▶ _Work instruction_: Please, could you print all the lines below exactly, leaving out the pictures?

▶ _Data below_:
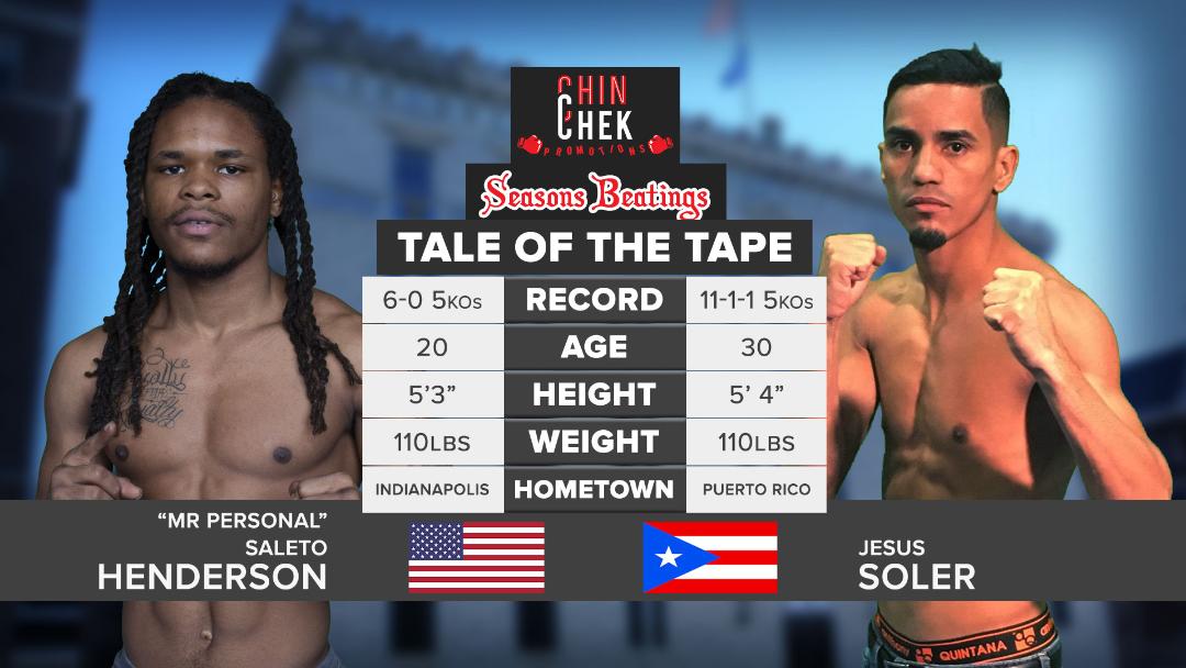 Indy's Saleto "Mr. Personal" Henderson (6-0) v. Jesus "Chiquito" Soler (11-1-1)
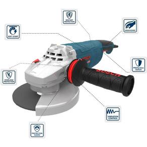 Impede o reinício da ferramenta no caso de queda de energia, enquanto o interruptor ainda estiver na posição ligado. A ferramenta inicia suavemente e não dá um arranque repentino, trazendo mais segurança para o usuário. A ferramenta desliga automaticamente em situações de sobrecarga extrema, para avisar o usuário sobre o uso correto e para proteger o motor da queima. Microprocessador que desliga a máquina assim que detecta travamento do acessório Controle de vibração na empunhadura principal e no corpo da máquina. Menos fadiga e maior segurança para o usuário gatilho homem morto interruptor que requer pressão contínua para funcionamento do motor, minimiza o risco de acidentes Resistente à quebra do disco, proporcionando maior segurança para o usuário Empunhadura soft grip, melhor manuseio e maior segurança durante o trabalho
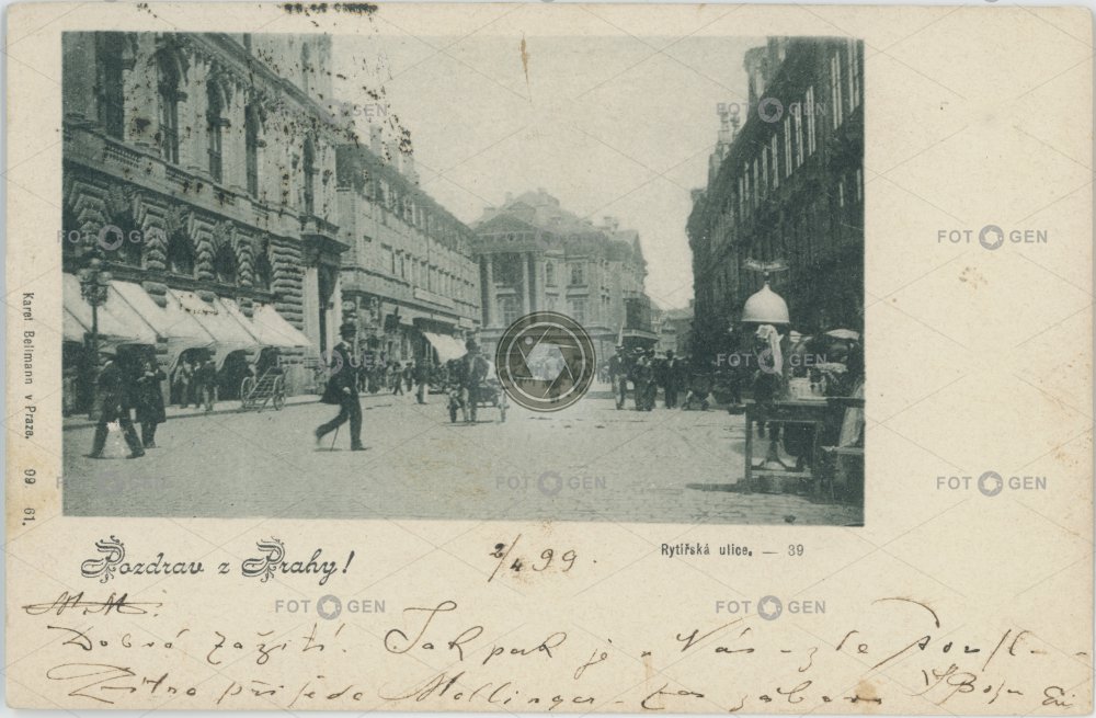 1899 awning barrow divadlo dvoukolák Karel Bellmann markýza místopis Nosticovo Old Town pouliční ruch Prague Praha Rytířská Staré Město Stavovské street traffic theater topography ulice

▶ _Result of this task_:
 Indy's Saleto "Mr. Personal" Henderson (6-0) v. Jesus "Chiquito" Soler (11-1-1)
 Impede o reinício da ferramenta no caso de queda de energia, enquanto o interruptor ainda estiver na posição ligado. A ferramenta inicia suavemente e não dá um arranque repentino, trazendo mais segurança para o usuário. A ferramenta desliga automaticamente em situações de sobrecarga extrema, para avisar o usuário sobre o uso correto e para proteger o motor da queima. Microprocessador que desliga a máquina assim que detecta travamento do acessório Controle de vibração na empunhadura principal e no corpo da máquina. Menos fadiga e maior segurança para o usuário gatilho homem morto interruptor que requer pressão contínua para funcionamento do motor, minimiza o risco de acidentes Resistente à quebra do disco, proporcionando maior segurança para o usuário Empunhadura soft grip, melhor manuseio e maior segurança durante o trabalho
 1899 awning barrow divadlo dvoukolák Karel Bellmann markýza místopis Nosticovo Old Town pouliční ruch Prague Praha Rytířská Staré Město Stavovské street traffic theater topography ulice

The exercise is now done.